If, as this wettest summer on record continues, you Google for “hotter, drier summers, warmer, wetter winters”, you will find more than 4,000 entries. Look more closely and you will find these words on the website of almost every local authority in Britain. They all continue to predict that this is the weather we can expect, because this is what they were told in 2007 by the Met Office’s Hadley Centre for Climate Prediction. Since then, they clearly haven’t looked out of the window to see that the climate has indeed changed.

As the global warming scare continues to crumble, its true believers thresh around ever more wildly to claim every “extreme weather event” as proof that their Old Time Religion is still alive and kicking. They seized on the Russian heatwave of 2010 (which weather experts told them was “within the bounds of natural variability”), the Pakistan floods of the same year (though there had been floods just as serious in 1929), Hurricane Katrina in 2005 (since when hurricane activity has been at a historic low), the recent US heatwave (though four years in the 1930s were even hotter), and heaven knows what else.

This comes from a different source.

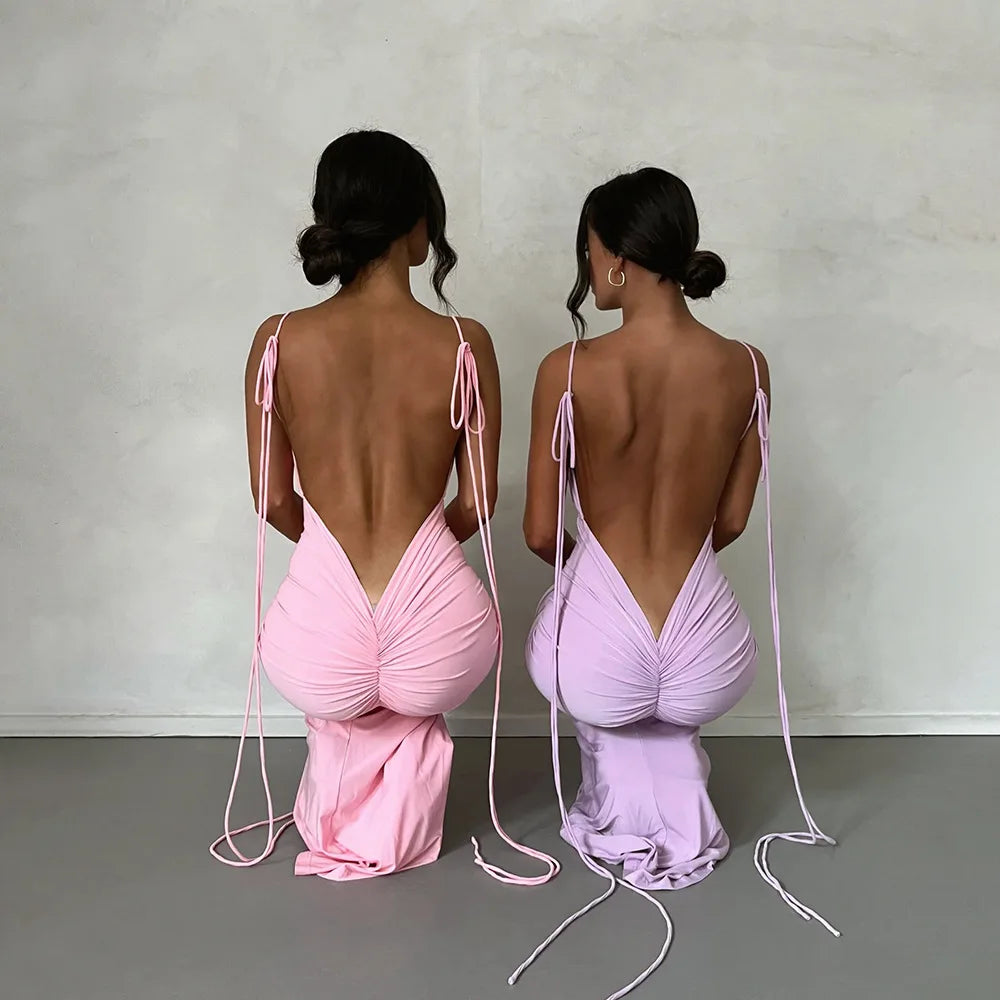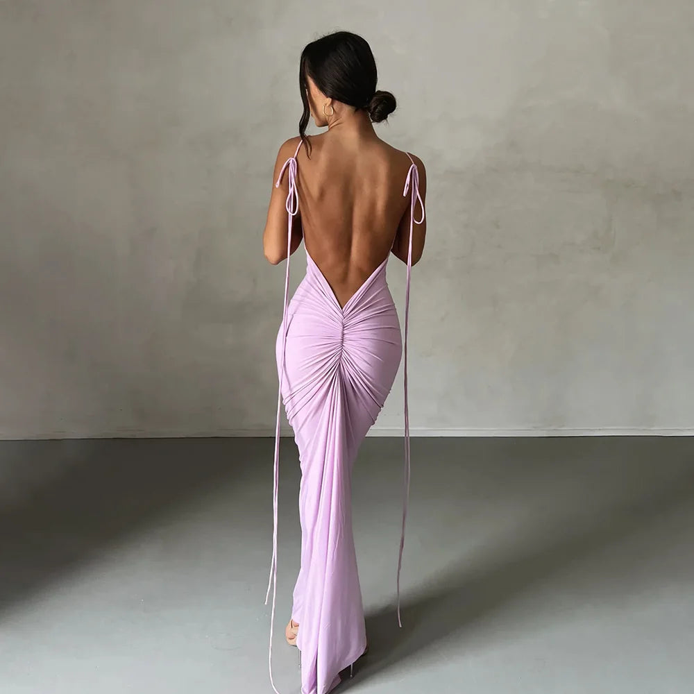 Women's Spaghetti Strap Backless Maxi Ruched Dress Outfit
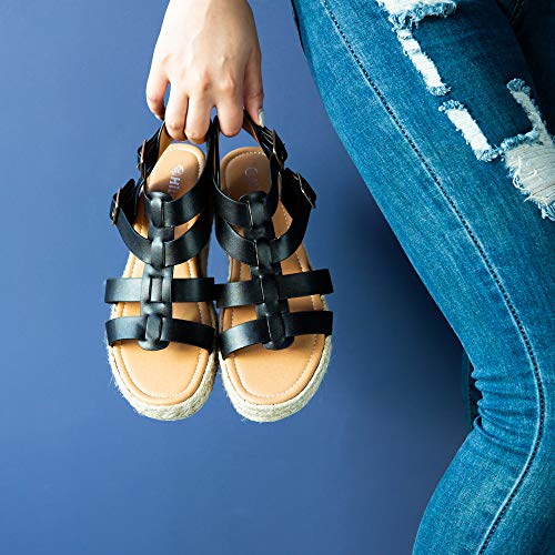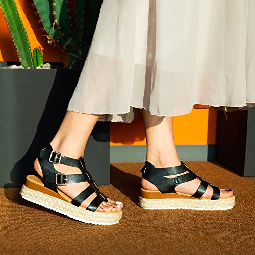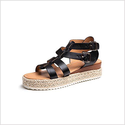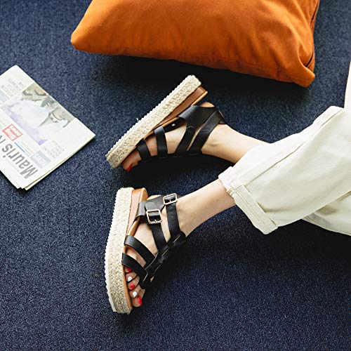 Sandalias Mujer Alpargatas Plataformas Romano Cuña Hebilla Gladiador Zapatos Verano Playa Punta Abierta Tacon 5.7cm Correa de Tobillo 5-Negro EU42

Floods, droughts, heatwaves, the record cold winter of 2010/11 – all are hailed as evidence that we live in a time of unprecedented “climate disruption” (even though the computer models failed to predict any of them).

I was reminiscing the other day about some of the “extreme weather events” I experienced before global warming was invented, such as the record 11in of rain that fell in one day in Dorset in July 1955, or the record 6.74in that fell in 40 minutes on Hampstead, where I lived, in August 1975. Further back, I recalled the Lynmouth flood disaster killing 34 people in August 1952, followed only five months later by the great North Sea flood of 1953 which killed 307 people in England alone. All the poor old warmists can go on now is a washed-out spring and midsummer – when every local council in the land is still telling us that we can expect “hotter, drier summers”. I am sure they were predicting much the same in Noah’s time.

The World Service is ‘not what it was’

In a fine flourish of sentimentality, the BBC marked the move of its World Service from Bush House by telling us that this was where it had won its reputation as “the most trustworthy and reliable news service in the world”. But as anyone who listens to it these days will know, that golden era is no more.

Even when Aung San Suu Kyi was recently praising the World Service as having been her “lifeline” during her years of house arrest in Burma, she could not resist telling her BBC hosts that it is “not what it was”. Its once reassuringly professional output has been dumbed down into an almost unrecognisable shadow of its former self, with relentlessly repetitive station IDs, constant daft bursts of music, the too often silly, unauthoritative voices of its presenters and a pervading air of political correctness, as it regales us with items on the fight for gay rights in Mali or a little talk on the threat of global warming by the “philosopher Alain de Botton”. In this respect, though, it is not that different from the rest of the BBC. One often gets the impression that what the BBC is about these days is, as much as anything, the BBC itself – as its self-regarding coverage of the retreat from Bush House perfectly exemplified.